The MSP and its scholars establish and cultivate an extensive network that helps students become connected to people who can make their educational and career goals a reality. Furthermore, many students cite the opportunities and networks provided by the MSP as one of the most helpful aspects of the program. By connecting current students and program alumni, sending scholars for campus and research lab visits during Summer Bridge, encouraging research internships in the first year, and by bringing scientists and graduate school representatives to campus, the MSP develops formal and informal as well as internal and external networks.

Formal networking activities begin as early as Summer Bridge with site visits to premier research sites and continue throughout students' careers at UMBC with “campus visits” by scientists and graduate schools. These activities connect the students to the outside world, show them research and graduate school opportunities, and establish the possibility of success. A student said, “So just knowing that we can get to go to all these important places kind of gives us the sense eventually we're going to be important enough to work there.”

While formal networking opportunities are effective mechanisms for making sure that students become aware of potential research sites or graduate schools, informal connections through the Meyerhoff staff provide students with further opportunities. One graduate of the program recalled:

It almost felt like you could go to Mr. Toliver's [the director's] office and there's a vault of internships, you'd just pick one and you'd probably find the one that fits you. Because it almost felt like he presses a button and he talks to the NSA or he talks to NIH and somebody is going to give you what you need. So, even if that never really was an option, thinking that it was – it was tremendous.
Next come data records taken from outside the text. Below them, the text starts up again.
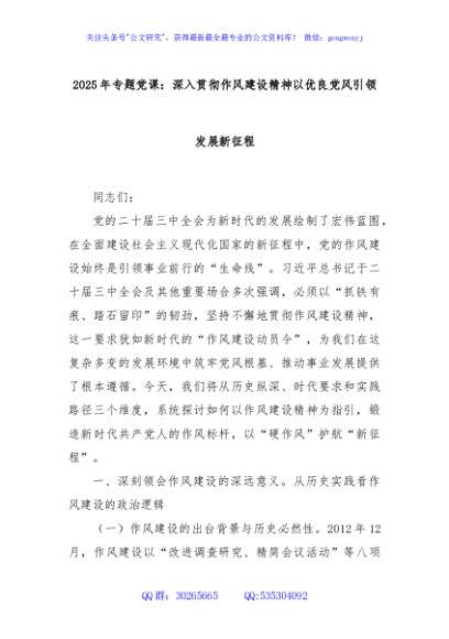 / 2025年专题党课:深入贯彻作风建设精神以优良党风引领发展新征程
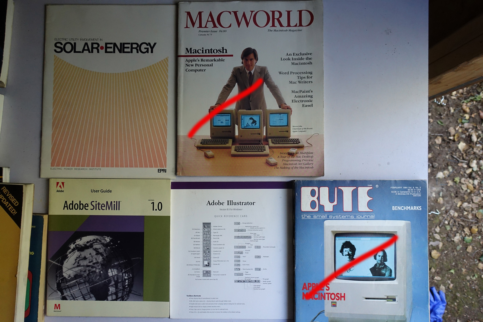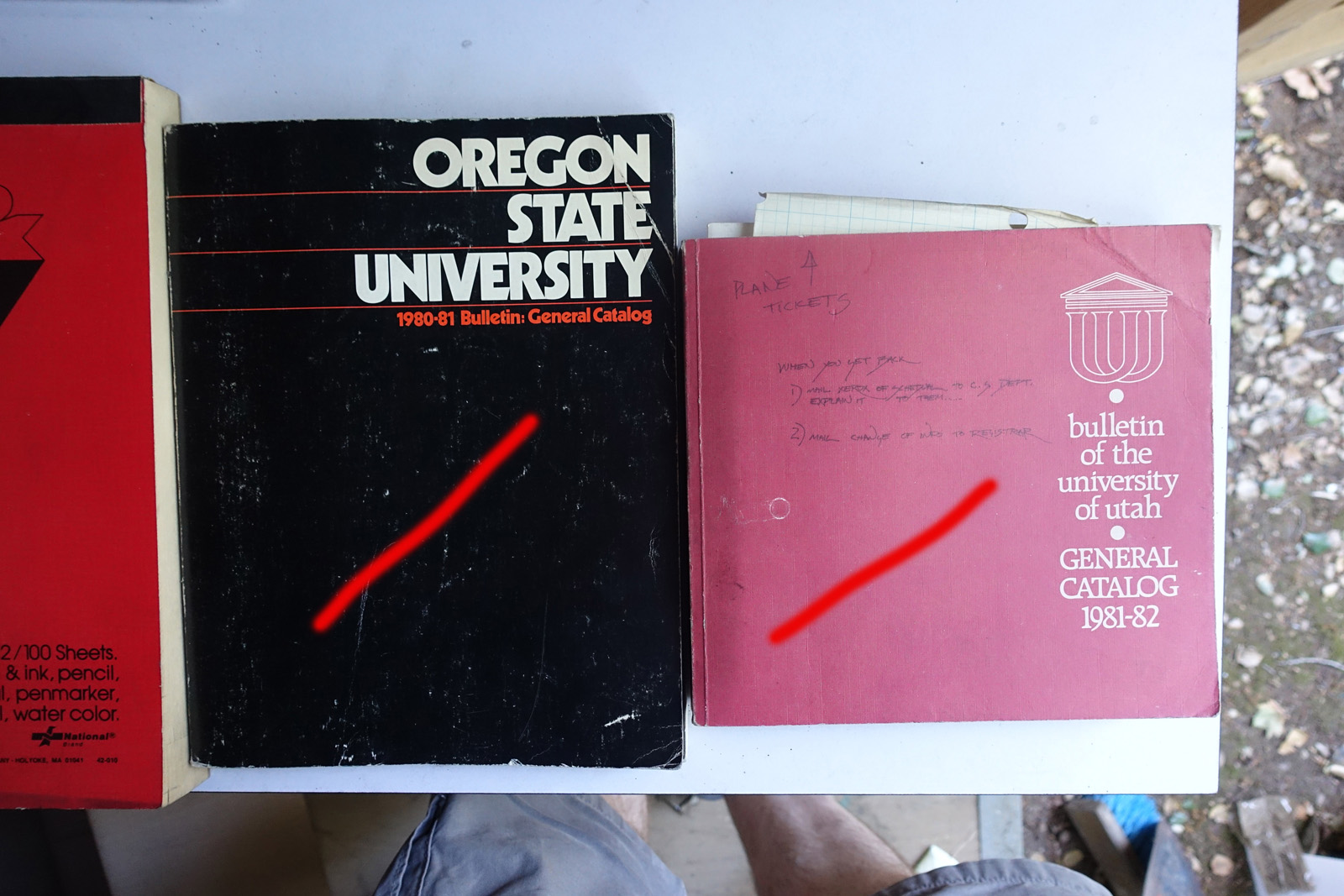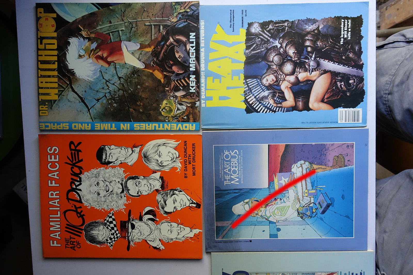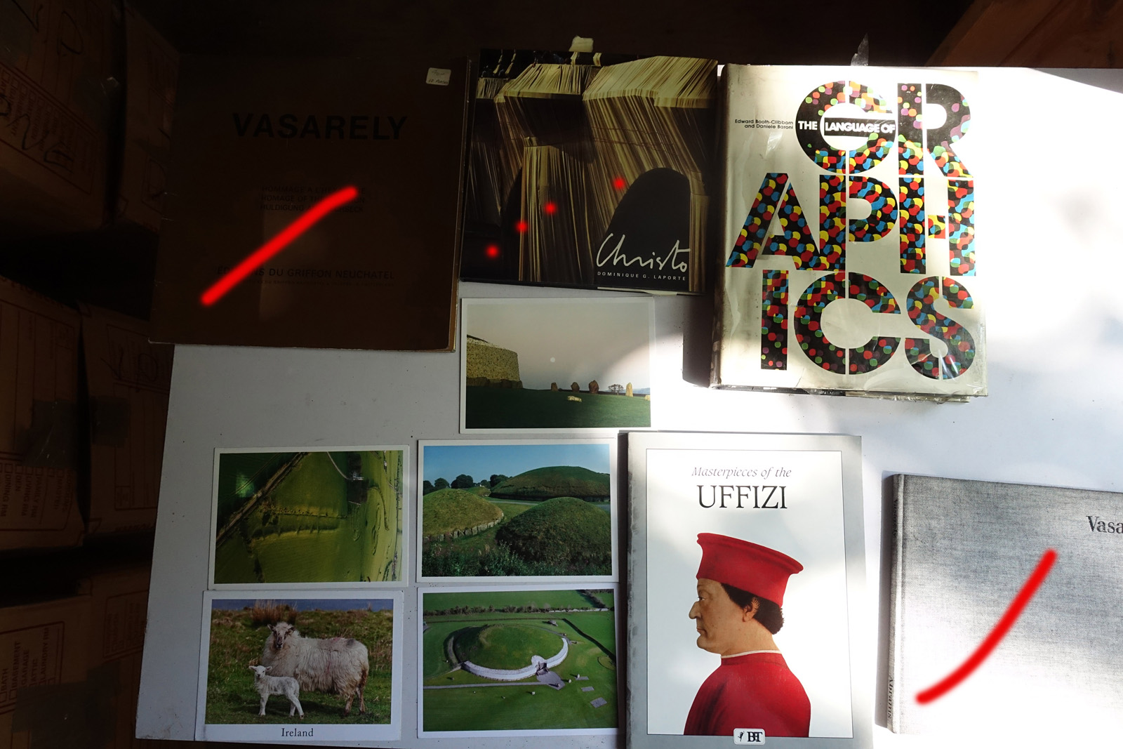 Books with red marks painted on the photo indicate volumes I've pulled aside, either for sentimental reasons or because I'm concerned I can't replace them. These are not available. This marking isn't 100% accurate, it's from memory after I took all the photos; so a few unmarked books may also be pulled aside.
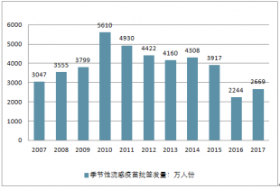 歷年季節(jié)性流感疫苗批簽發(fā)量變化
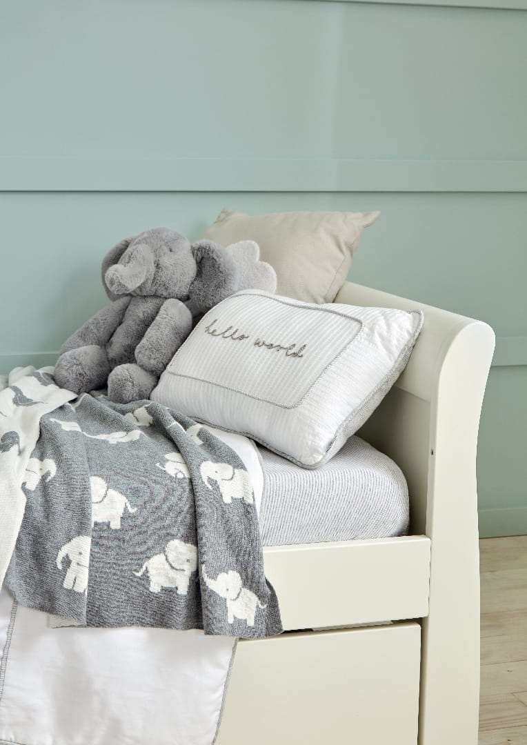 Kocyk wchodzi w skład unikalnej kolekcji Welcome to the World przedstawia zabawną postać słonia Archiego oraz kilku jego przyjaciół żyrafy i zebry. Zrealizowana w wyrazistej bieli i subtelnej szarości.
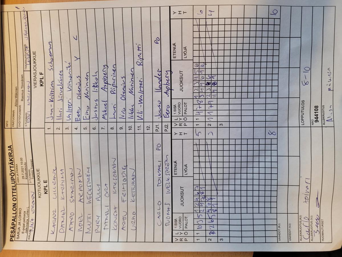| 29.7.2021 15:00 | E-pojat pelisarja | Jatkosarja, Lohko L | KPL E | KPL F | 8-10 | | näytä |
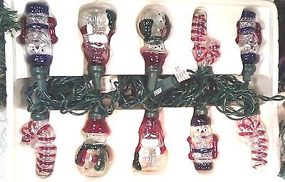10 Light Strand Vintage Style Figural Christmas Tree Lights Candy Cane Snowman
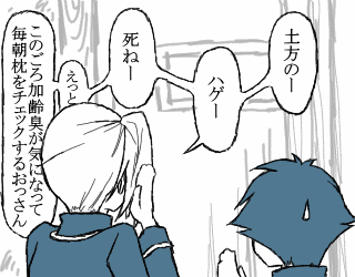 | おめーらの方が魔王だろうがぁぁぁ!!! 加島さんがうちの山崎を書いてくれました!! 大人で可愛い山崎がいます。加島さんちはこちら! で、何が可愛い人かと言うと、山崎から見た全員。 「沖田が割った土方の湯飲み茶碗を埋める山崎を 永倉が見かけるんですが、沖田は沖田で それを申し訳なく思ってわざと逃がすように差し向ける。 永倉は自分を気にして様子を伺いに来てくれるし 土方はなんとなくそれを察して逃がすように差し向けてる。」 (↑加島さんの小説を見て広がった妄想ワールド) だから全員可愛い人。 でも、本音を少しだけ言わせてもらえると… 最後のコマがただ描きたかっただけなんだ! |
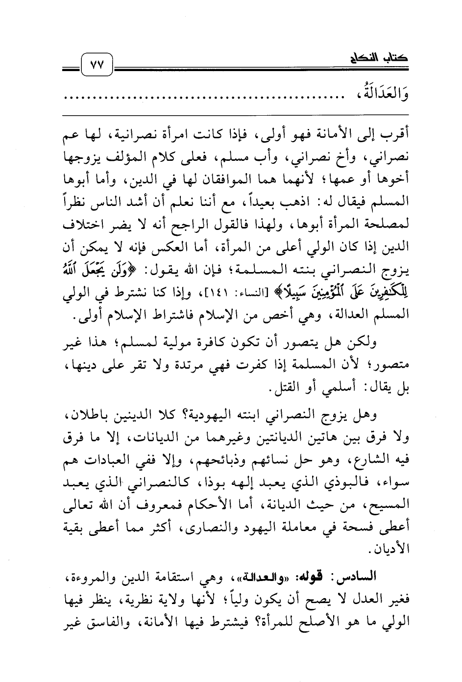 أقرب إلى الأمانة فهو أولى، فإذا كانت امرأة نصرانية، لها عم نصراني، وأخ نصراني، وأب مسلم، فعلى كلام المؤلف يزوجها أخوها أو عمها؛ لأنهما هما الموافقان لها في الدين، وأما أبوها المسلم فيقال له: اذهب بعيداً، مع أننا نعلم أن أشد الناس نظراً لمصلحة المرأة أبوها، ولهذا فالقول الراجح أنه لا يضر اختلاف الدين إذا كان الولي أعلى من المرأة، أما العكس فإنه لا يمكن أن يزوج النصراني بنته المسلمة؛ فإن الله يقول: {وَلَنْ يَجْعَلَ اللَّهُ لِلْكَافِرِينَ عَلَى الْمُؤْمِنِينَ سَبِيلاً} [النساء: 141]، وإذا كنا نشترط في الولي المسلم العدالة، وهي أخص من الإسلام فاشتراط الإسلام أولى.
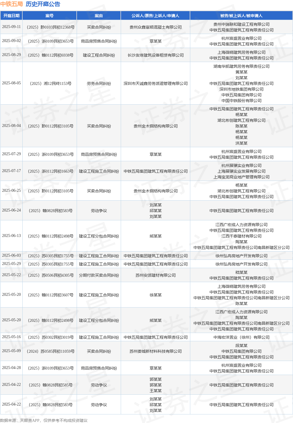 本站消息,根据天眼查APP显示,近日公布了一则中铁五局集团建筑工程有限责任公司作为被告/被上诉人的开庭公告,详细内容如下:
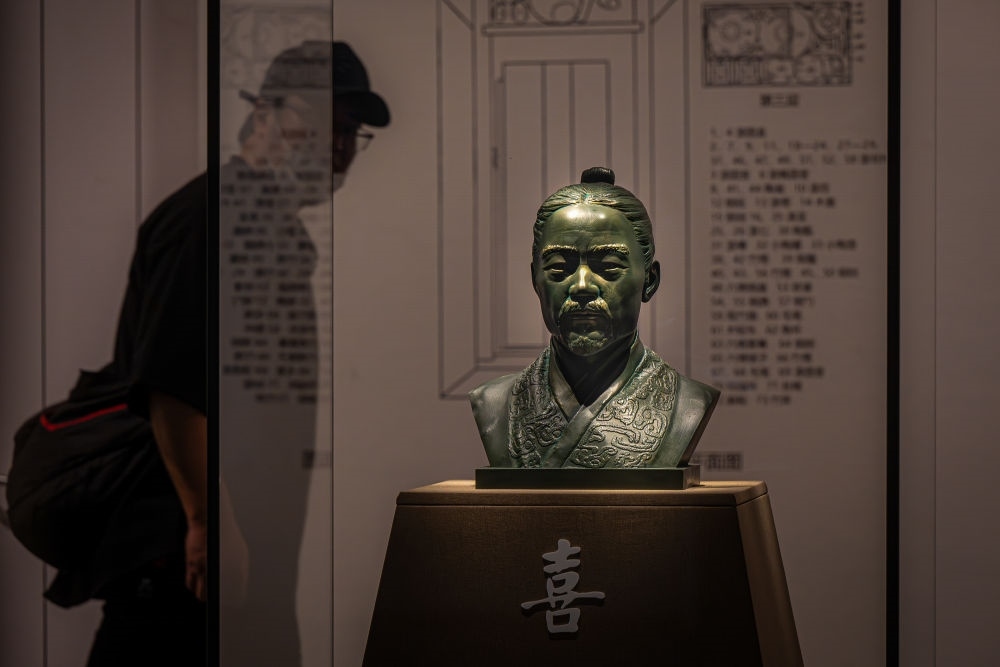 2024年4月30日,游客在湖北省博物館觀看云夢(mèng)睡虎地秦簡(jiǎn)主人“喜”的3D復(fù)原頭像。 當(dāng)日,湖北省博物館策劃的專題展覽“惠此簡(jiǎn)書——睡虎地秦墓出土簡(jiǎn)牘”開幕,首次展出科技考古研究成果——“喜”的3D復(fù)原頭像。
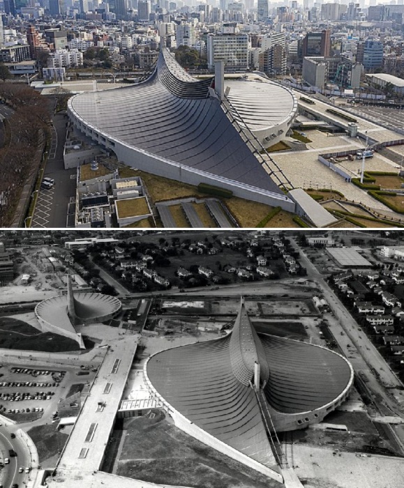 Спроектированная Кензо Танге и построенный менее чем за два года, спортивная арена стала не только местом проведения летних Олимпийских игр 1964, но и показала, что такого масштаба сооружения тоже могут иметь фантастические формы (Токио, Япония).
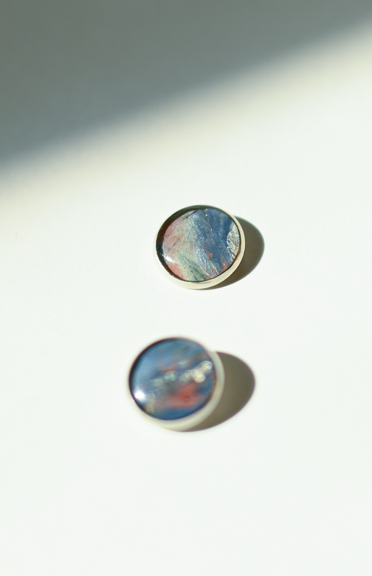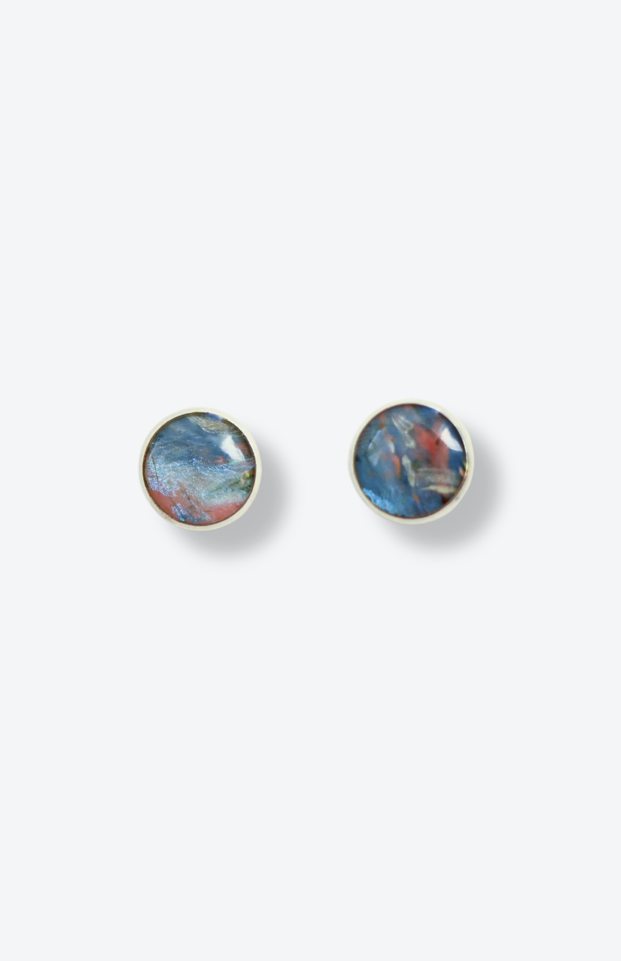 Náušnice s ručně malovanou abstrakcí zatavenou navěky v pryskyřici. Každá z páru je individuál, ale navzájem se doplňují.
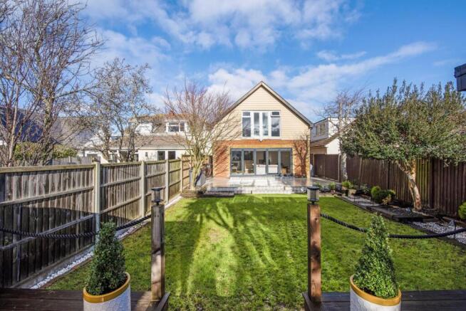 The exterior of the property has been transformed to create a sophisticated, low-maintenance environment. The rear garden features newly landscaped porcelain-tiled patios and a side walkway, leading to a luxury composite garden room completed in 2022. This impressive all-season space is ideal for entertaining or relaxation, with expansive surrounding decking and a sheltered built-in jacuzzi that can be enjoyed throughout the year.

Not only does the MSP provide students with external networks, but they also provide students with effective internal networks which work both vertically and horizontally. The family feel of the program creates a collaborative environment where group success is valued and study groups are the norm. Students routinely offer their own expertise as well as seeking specific assistance from others in their cohort. Vertical networks exist where campus leadership, staff and older Meyerhoffs lend support, information, and resources to younger Meyerhoffs while the younger students actively seek the support of the former. A graduating senior reflected, “I've been at kind of both ends. Some ends, I'm helping the Meyerhoff program out; other times they're helping me. In the end, they are both wonderful.”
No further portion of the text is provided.